### EXERCISE AIM
Pictures appear among the records below and must be omitted. Repeat exactly the lines from the line with "Tim penyelamat mencari" to the line with "沖縄で主催する第52回日本毒", both included.
........
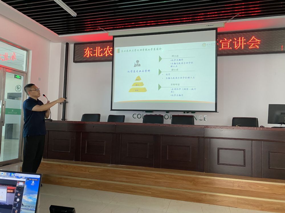 为深入学习党的二十大精神,坚定不移听党话、跟党走,培养更多知农爱农新型人才,6月30日,best365中国官方网站开展“学习党的二十大,知农爱农二十讲” 主题宣讲活动,特别邀请东北农业大学文best365中国官方网站经理、化学学科带头人付颖教授、东北农业大学首席教授、黑龙江省教学名师叶非教授、东北农业大学化学系副主任刘豫龙副教授到校做研究生招生宣讲。
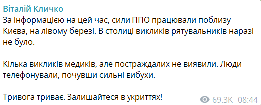 Мэр Киева Виталий Кличко сообщил, что силы ПВО работали вблизи Киева, на левом берегу.
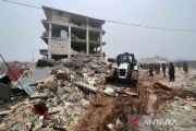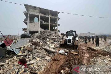 Tim penyelamat mencari korban selamat di bawah reruntuhan, menyusul gempa bumi yang berpusat di Turkii, di Kota Jandaris, Suriah, Senin (6/2/2023). ANTARA FOTO/REUTERS/Khalil Ashawi/rwa.
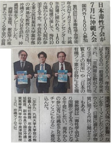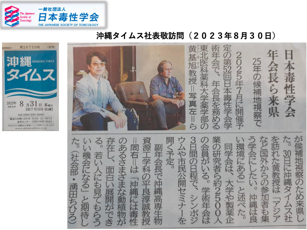 沖縄で主催する第52回日本毒性学会学術年会の宣伝のため、黄先生が沖縄タイムス社を表敬訪問しました。
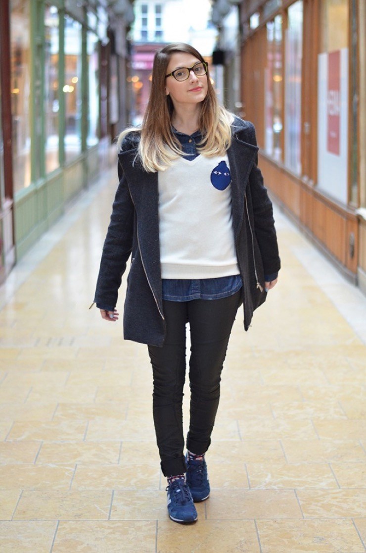 Manteau Vintage (autre ici), pull cachemire Uniqlo, chemise en jean Wrangler, pantalon Freeman T Porter, sneakers New Balance via Sarenza et chaussettes Primark (autres ici).
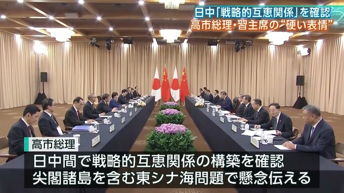 31日、APECにあわせ、約1年ぶりに実現した日中首脳会談。お互い、硬い表情に終始しています。会談では、戦略的互恵関係を構築することを確認しつつも、高市総理は尖閣諸島を含む東シナ海の問題について懸念などを伝えたといいます。
........
### EXERCISE ANSWER
 Tim penyelamat mencari korban selamat di bawah reruntuhan, menyusul gempa bumi yang berpusat di Turkii, di Kota Jandaris, Suriah, Senin (6/2/2023). ANTARA FOTO/REUTERS/Khalil Ashawi/rwa.
 沖縄で主催する第52回日本毒性学会学術年会の宣伝のため、黄先生が沖縄タイムス社を表敬訪問しました。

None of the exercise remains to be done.